Multiple Consistent 2D-3D Mappings for Robust Zero-Shot 3D Visual Grounding

Published 29 Apr 2026 in cs.CV | (2604.26261v1)

Abstract: Zero-shot 3D Visual Grounding (3DVG) is a critical capability for open-world embodied AI. However, existing methods are fundamentally bottlenecked by the poor quality of open-vocabulary 3D proposals, suffering from inaccurate categories and imprecise geometries, as well as the spatial redundancy of exhaustive multi-view reasoning. To address these challenges, we propose MCM-VG, a novel framework that achieves robust zero-shot 3DVG by explicitly establishing Multiple Consistent 2D-3D Mappings. Instead of passively relying on noisy 3D segments, MCM-VG enforces 2D-3D consistency across three fundamental dimensions to achieve precise target localization and reliable reasoning. First, a Semantic Alignment module corrects category mismatches via LLM-driven query parsing and coarse-to-fine 2D-3D matching. Second, an Instance Rectification module leverages VLM-guided 2D segmentations to reconstruct missing targets, back-projecting these reliable visual priors to establish accurate 3D geometries. Finally, to eliminate spatial redundancy, a Viewpoint Distillation module clusters 3D camera directions to extract optimal frames. By pairing these optimal RGB frames with Bird's Eye View maps into concise visual prompt sets, we formulate the final target disambiguation as a multiple-choice reasoning task for Vision-LLMs. Extensive evaluations on ScanRefer and Nr3D benchmarks demonstrate that MCM-VG sets a new state-of-the-art for zero-shot 3D visual grounding. Remarkably, it achieves 62.0\% and 53.6\% in [email protected] and [email protected] on ScanRefer, outperforming previous baselines by substantial margins of 6.4\% and 4.0\%.

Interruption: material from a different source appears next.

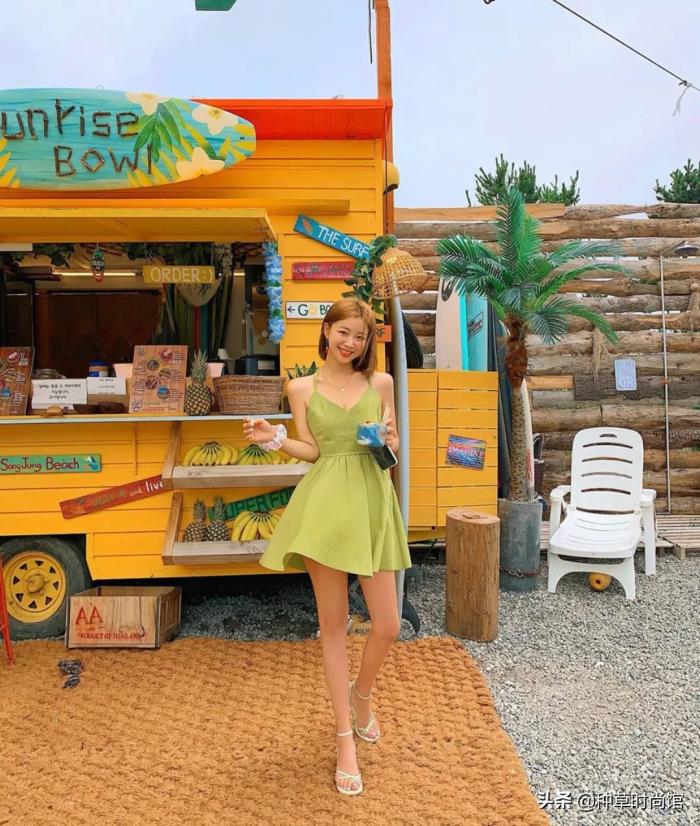想展现直角肩,奇异果色挂脖连衣裙一定要来一条,清爽又不张扬,就是“绿茶”本茶~

Abstract PDF Upgrade to Chat

Authors (10)

Summary

The paper introduces MCM-VG, a novel framework that enforces multi-level consistency between 2D visual cues and 3D geometries for robust zero-shot visual grounding.
It employs three integrated modules – Semantic Alignment, Instance Rectification, and Viewpoint Distillation – that synergistically overcome limitations of noisy 3D proposals.
Empirical results on ScanRefer and Nr3D datasets show significant accuracy gains, validating MCM-VG's practical impact for embodied AI in complex scenes.

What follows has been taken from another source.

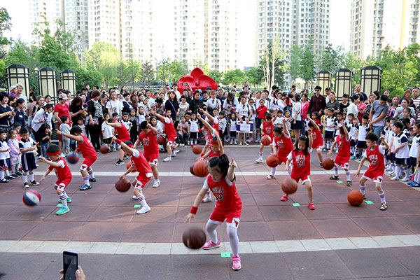 活動(dòng)以恩舟教育寶寶們的籃球秀拉開了帷幕,在音樂的伴奏下,只見籃球在這些小朋友手里揮來揮去,萌娃們跟隨著旋律變換隊(duì)形,用右手拍球、左手拍球等方法展示自己的基本功,讓前來觀看的大人都自嘆不如。
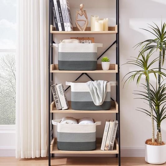 OIAHOMY Storage Basket, Woven Baskets for Storage, Cotton Rope Basket for toys,Towel Baskets for Bathroom - Pack of 3, Gradient Gray

Robust Zero-Shot 3D Visual Grounding with Multiple Consistent 2D-3D Mappings

Introduction

The paper "Multiple Consistent 2D-3D Mappings for Robust Zero-Shot 3D Visual Grounding" (2604.26261) proposes MCM-VG, a framework addressing core challenges in open-world zero-shot 3D Visual Grounding (3DVG). Zero-shot 3DVG enables embodied agents to localize arbitrary objects in cluttered 3D environments based on free-form natural language queries, a critical capability for robotics and scene understanding. Existing zero-shot methods fundamentally depend on noisy open-vocabulary 3D proposals, rendering them susceptible to category mispredictions, geometric imprecision, and spatial redundancy during exhaustive multi-view reasoning. MCM-VG introduces explicit consistency enforcement between 2D observations and 3D geometries across semantic, instance, and viewpoint dimensions using a cascaded architecture comprising Semantic Alignment, Instance Rectification, and Viewpoint Distillation modules.

Figure 1: Comparative illustration of MCM-VG versus SeeGround and SeqVLM, highlighting multi-level 2D-3D consistency enforcement for improved 3D visual grounding.

Methodology

MCM-VG is systematically structured into three tightly integrated modules. Each module is designed to rectify specific deficiencies of prior zero-shot pipelines and collectively synthesize robust 2D-3D mappings for precise spatial grounding without task-specific 3D-text annotations.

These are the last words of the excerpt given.